(WHAT YOU NEED TO DO) When the line with "The elementary school, middle" turns up below, begin repeating exactly, and carry on through the line with "Bí thư Thành"; no pictures go into the copy.

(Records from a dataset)
######
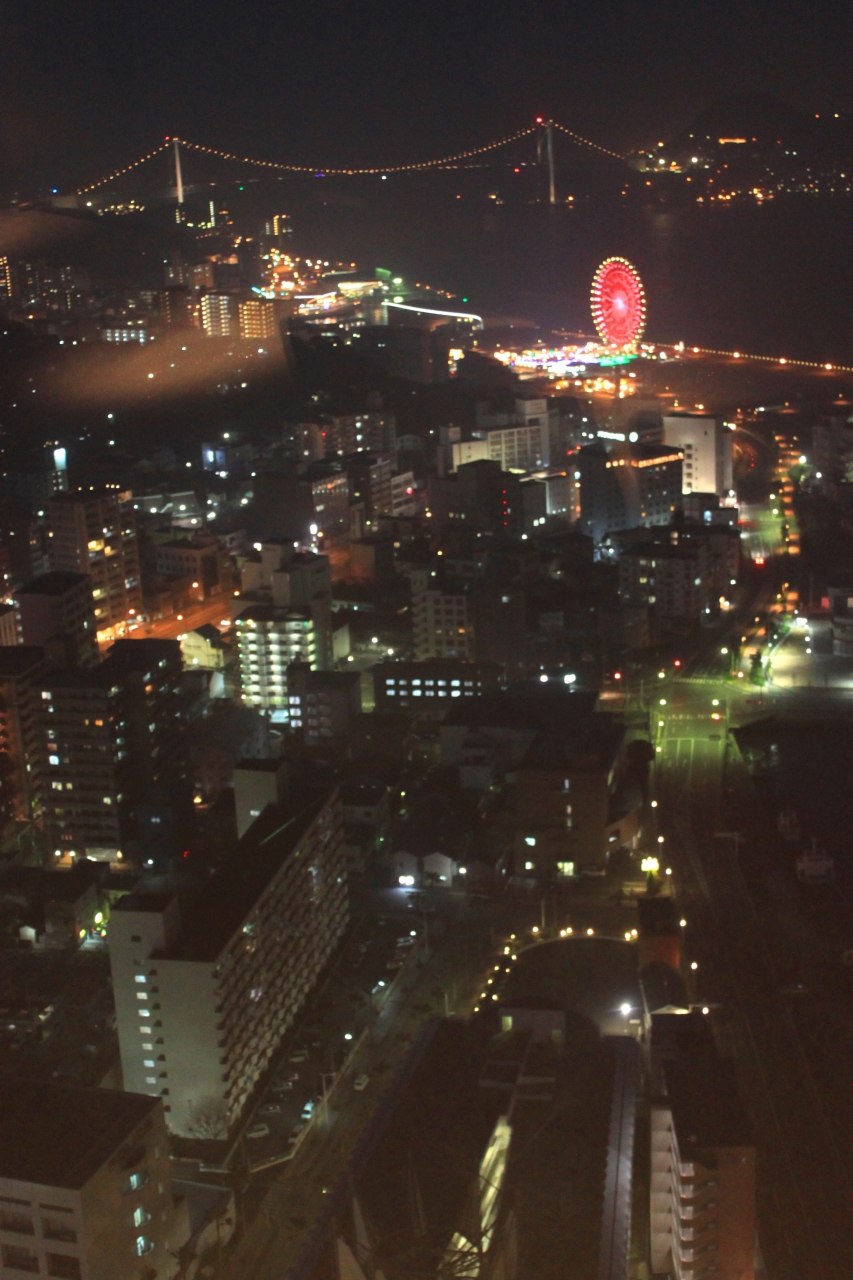他にタワー的な建物は見当たりませんが、下関の海峡ゆめタワーが綺麗にライトアップされていたので同様のイメージかと...
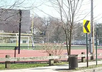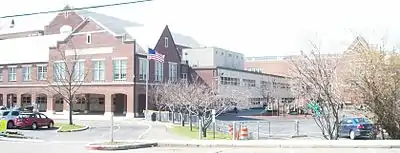 The elementary school, middle school, and high school are located in one large building near the downtown.[6] "It's very unusual to have one campus for all three schools," said John Chambers, the former superintendent. "It creates an interconnectedness and allows students to really get to know each other. And it allows teachers to track students over the years, which all studies show is very beneficial to education."[7] The school, located on Pondfield Road, is located in a low point in the town; during particularly heavy rains in the past, the school has experienced flooding. There was a period when the school was closed for several weeks as a result of flooding. As a result, boilers and heating equipment have been moved to higher levels, and basement areas have been remodeled with moisture resistant substances in case the building is flooded again.
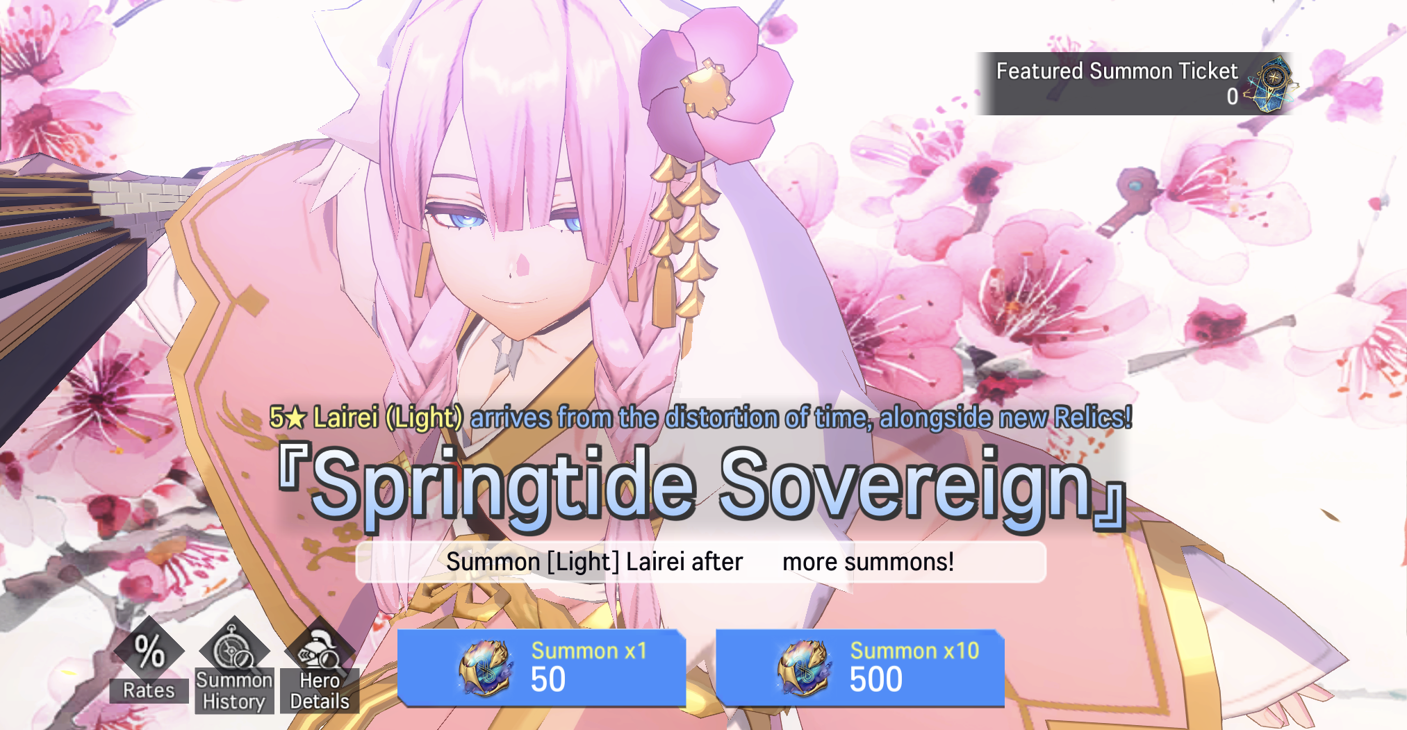 ※ Detailed information on summon rates for obtainable Heroes and Relics are available via the Rates button.
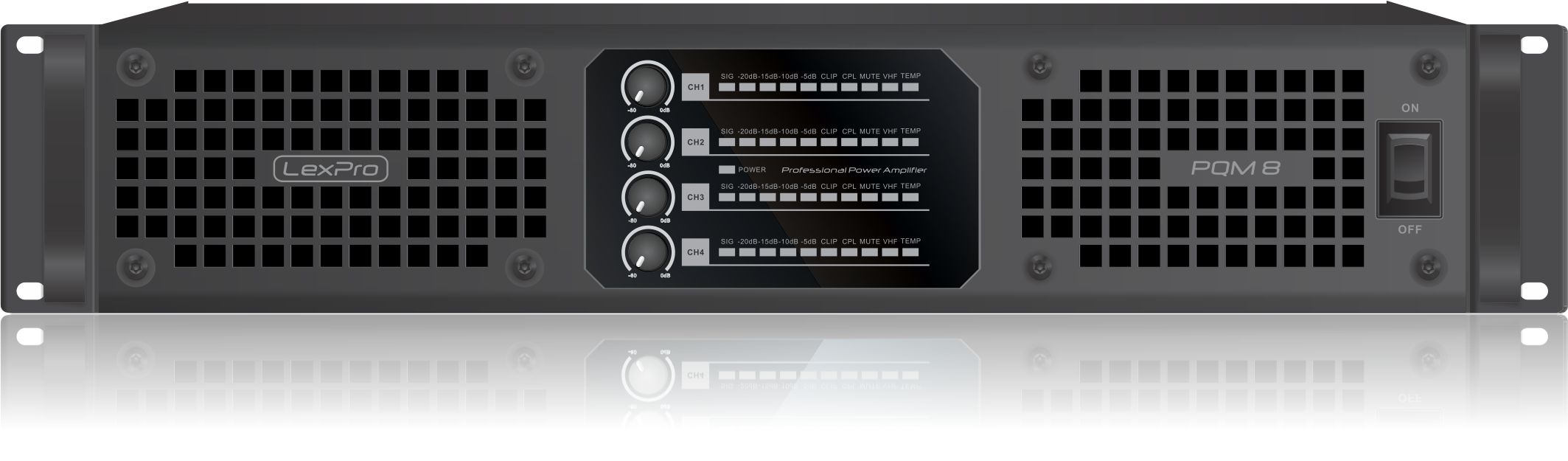 - Channel independent temperature, protection, VHF and clip warning indicators on the front panel.
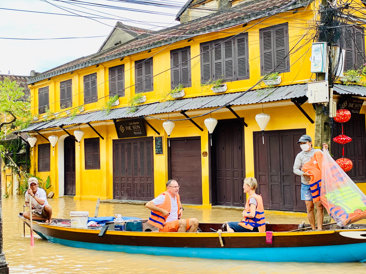 Và khi các tuyến phố chìm trong biển nước, du khách lại thích thú với trải nghiệm được bơi thuyền để ngắm vẻ đẹp trầm mặc của phố cổ Hội An.
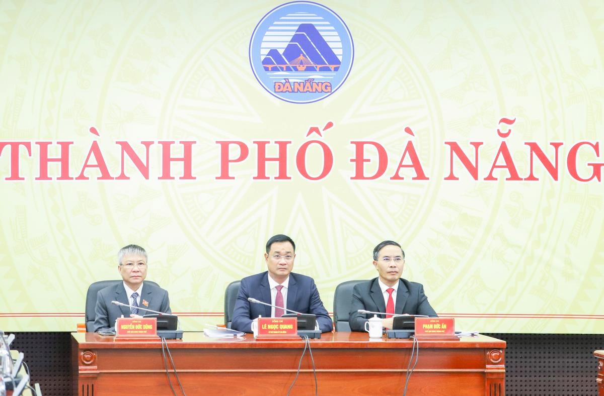 Bí thư Thành ủy Đà Nẵng Lê Ngọc Quang, Chủ tịch HĐND TP Nguyễn Đức Dũng và Chủ tịch UBND TP Phạm Đức Ấn chủ trì tại điểm cầu Đà Nẵng.
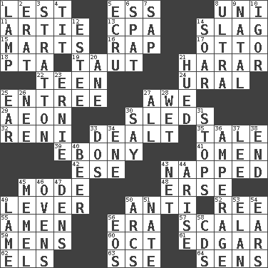 ACROSS 1. For fear that 5. Double-curved letter 8. Single; one (prefix) 11. Nick name for Arthur 13. Accounting whiz (abbr.) 14. Volcanic refuse 15. Shops 16. Reproach for some lapse or misdeed 17. Von Bismarck 18. Parent Teacher Assoc. 19. Drawn tight 21. Ethiopian city, capital of Harari 22. Adolescent 24. Mountain range 25. Main course 27. Deep reverence 29. Age 30. Bobsleighs 32. Painter Guido (1575-1642) 33. Started a card game 35. Lie 39. Black 41. Sign of things to come 42. Compass dir. 43. Slept 45. Method 48. Celtic language 49. Crowbar 50. Against 52. To riddle 55. So be it 56. Period 57. Any of the three canals of the cochlea 59. Not women's 60. Sep. follower 61. _ Allan Poe 62. Raised railways 63. Compass dir. 64. Elected reps. DOWN 1. Desk light 2. Part of Q.E.F. 3. Ski resort town in Vermont 4. Teat (slang) 5. Shade of tan 6. Argument over a trivial matter 7. Plant excrement 8. Extremist 9. Brizilian seaport 10. Composer Stravinsky 12. First name in cosmetics 14. Fly high 20. A saturated hydrocarbon 21. Took on color 23. Bert's buddy 25. Ewer handle 26. Born 27. Everything 28. Dripping 30. Declare 31. Ceases 33. Two (Sp.) 34. Compass dir. 36. Electrical Measurement 37. Area sheltered from the wind 38. Conclude 40. Fermented drink made from hops 43. Fish or hair follower 44. Get up 45. Klaipeda city 46. Baking chambers 47. Cub Scout units 49. Unable to walk 50. Curves 51. Nathan's nickname 53. Liveliness 54. Hearing organs 56. Greek goddess of the dawn 58. Music discs
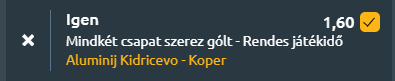 - A szlovén 1. SNL negyedik fordulójában az Aluminij a Športni Park Aluminij stadionban fogadja a tabella második helyén álló Kopert. A két csapat formája alapján gólgazdag összecsapásra számíthatunk, ahol mindkét fél képes lehet betalálni. Az Aluminij a 1. SNL jelenlegi negyedik helyén áll, és eddig a szezonban három győzelmet, két vereséget és egy döntetlent könyvelhetett el. Meccsenként átlagosan 1,5 gólt szereznek és ugyanennyit kapnak. Legutóbbi mérkőzésükön 0–2-re győzték le a Domžalét idegenben, ami a csapat támadópotenciálját és kiegyensúlyozott formáját mutatja. A Koper a 1. SNL második helyén áll, és eddig a szezonban négy győzelmet, egy vereséget és egy döntetlent ért el. Átlagosan 2 gólt szereznek és 1,17-et kapnak mérkőzésenként. Legutóbb 2–1-re győzték le a Murát, miközben az elmúlt öt meccsükön átlagosan 2,2 gólt szereztek és 2,2-őt kaptak. Az utóbbi 10 mérkőzésükön nyolcszor esett 2,5 gól feletti találat! A hazaiak kiegyensúlyozott góltermelése és a vendégek támadójátéka miatt logikus, hogy mindkét fél betalál, így egy nyitott, gólgazdag mérkőzés várható, ahol mindkét gárda betalál majd.
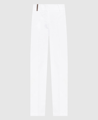 Білі штани з льоном з ланцюжком моніль
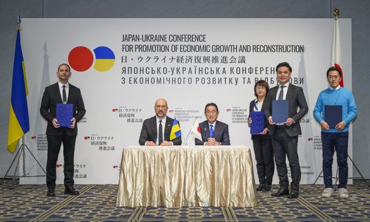提供:経団連 |(左から)ウクライナ関係企業代表、ウクライナ シュミハリ首相、岸田総理、日本企業関係者(うち中央 アルダグラム共同創業者 CEO 長濱光)
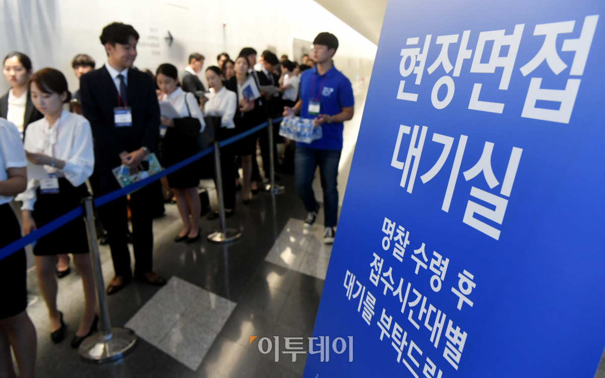 27일 서울 중구 을지로 동대문디자인플라자(DDP)에서 열린 ‘금융권 공동채용박람회’에서 구직자들이 현장면접을 보기 위해 대기하고 있다. 은행연합회 등 6개 금융협회 주최로 28일까지 열리는 이번 채용박람회엔 60개 금융회사가 참여해 현장면접과 채용상담 등을 진행한다.
######
(SOLUTION BELOW)
 The elementary school, middle school, and high school are located in one large building near the downtown.[6] "It's very unusual to have one campus for all three schools," said John Chambers, the former superintendent. "It creates an interconnectedness and allows students to really get to know each other. And it allows teachers to track students over the years, which all studies show is very beneficial to education."[7] The school, located on Pondfield Road, is located in a low point in the town; during particularly heavy rains in the past, the school has experienced flooding. There was a period when the school was closed for several weeks as a result of flooding. As a result, boilers and heating equipment have been moved to higher levels, and basement areas have been remodeled with moisture resistant substances in case the building is flooded again.
 ※ Detailed information on summon rates for obtainable Heroes and Relics are available via the Rates button.
 - Channel independent temperature, protection, VHF and clip warning indicators on the front panel.
 Và khi các tuyến phố chìm trong biển nước, du khách lại thích thú với trải nghiệm được bơi thuyền để ngắm vẻ đẹp trầm mặc của phố cổ Hội An.
 Bí thư Thành ủy Đà Nẵng Lê Ngọc Quang, Chủ tịch HĐND TP Nguyễn Đức Dũng và Chủ tịch UBND TP Phạm Đức Ấn chủ trì tại điểm cầu Đà Nẵng.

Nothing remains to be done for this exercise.